Thanks for the question Jenn. You don’t understand how it works because it doesn’t work. This is fully ludicrous and I’ve seen them make the claim in real time as well.
I was part of a panel that, I found out at the last minute, was being moderated by someone from the Ob*sity Action Coalition which gets most of their funding from the pharmaceutical industry, including and especially Novo Nordisk. She used her position as the moderator to throw in this line at the very end of the event, when there was no chance for any of the experts on the panel to refute it.

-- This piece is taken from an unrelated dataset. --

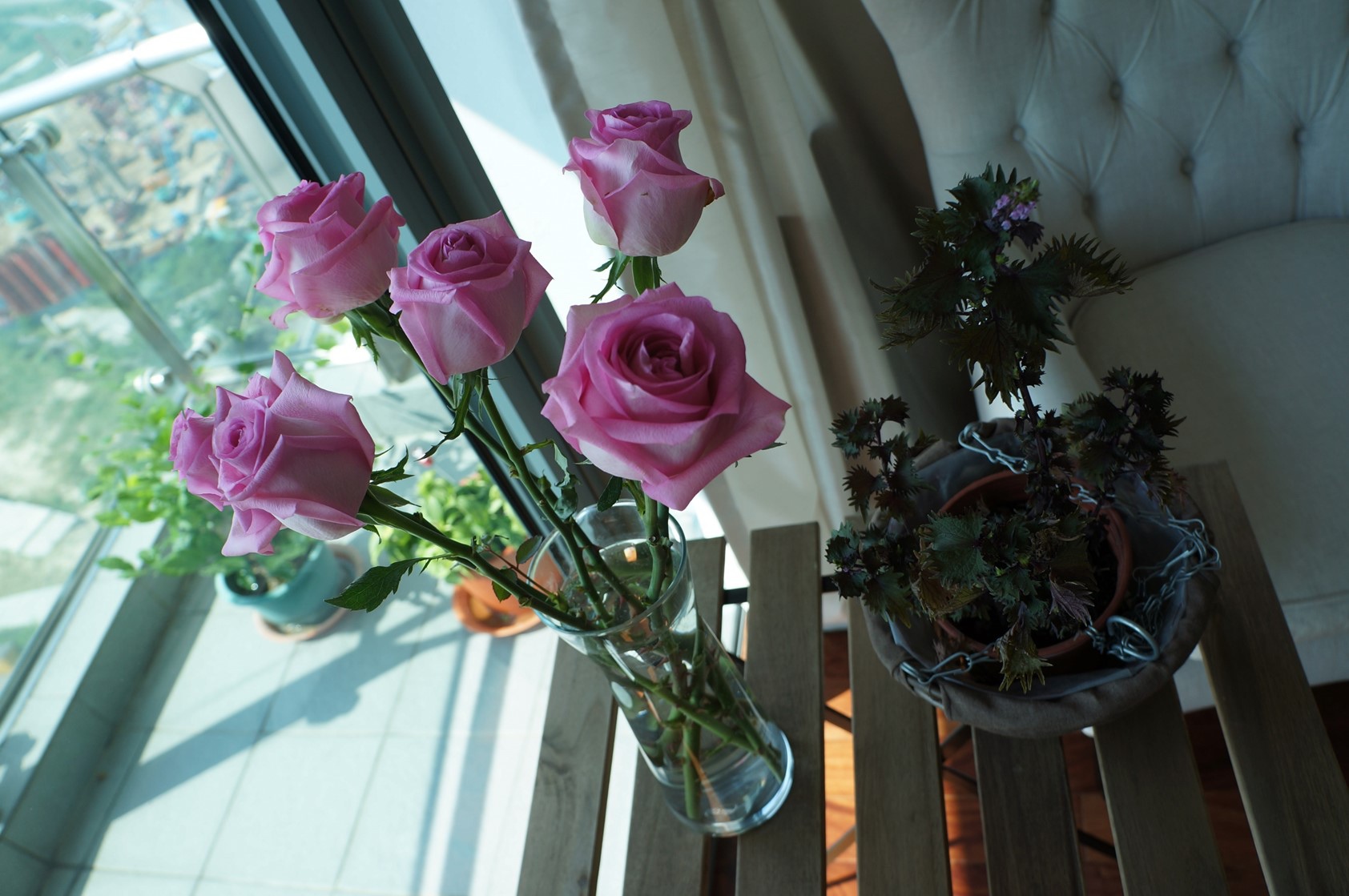 日本紫蘇居然開花了,還蠻可愛的。
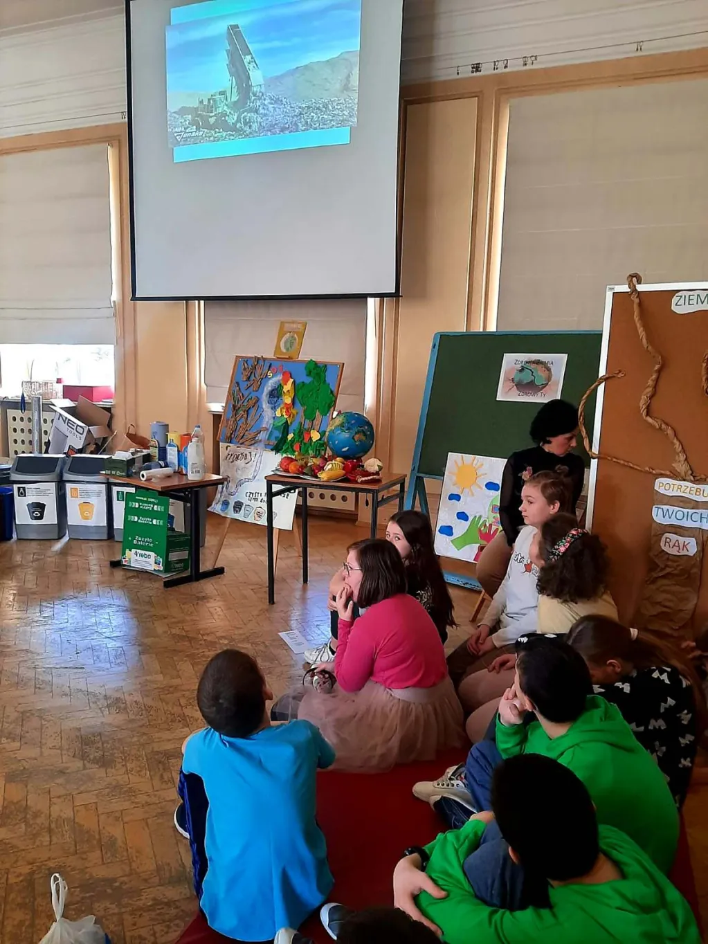 W dniu 26 kwietnia 2023 r. uczniowie klas 4 – 8 szkoły podstawowej uczestniczyli w warsztatach ekologiczno-przyrodniczych z okazji Światowego Dnia Ziemi🌍.

As always, before I get into this I want to be very clear that there is no shame in having a disease. The problem is that ob*sity simply does not quality, including and especially based on the idea that it’s not a disease until it impacts your health. In truth “ob*sity” is just a body size (and lacks even a consistent, coherent definition among major healthcare organizations.) Calling simply existing in a higher-weight body a disease means that people are exposed to so-called “treatments” and the risks of those treatments which can include everything from reducing quality of life to death. The conceptualization of being higher-weight as a disease has been, and continues to be, primarily architected by the weight loss industry (including through the liberal use of their astroturf “patient advocacy” organizations) and they’ve turned it into hundred of billions in profits.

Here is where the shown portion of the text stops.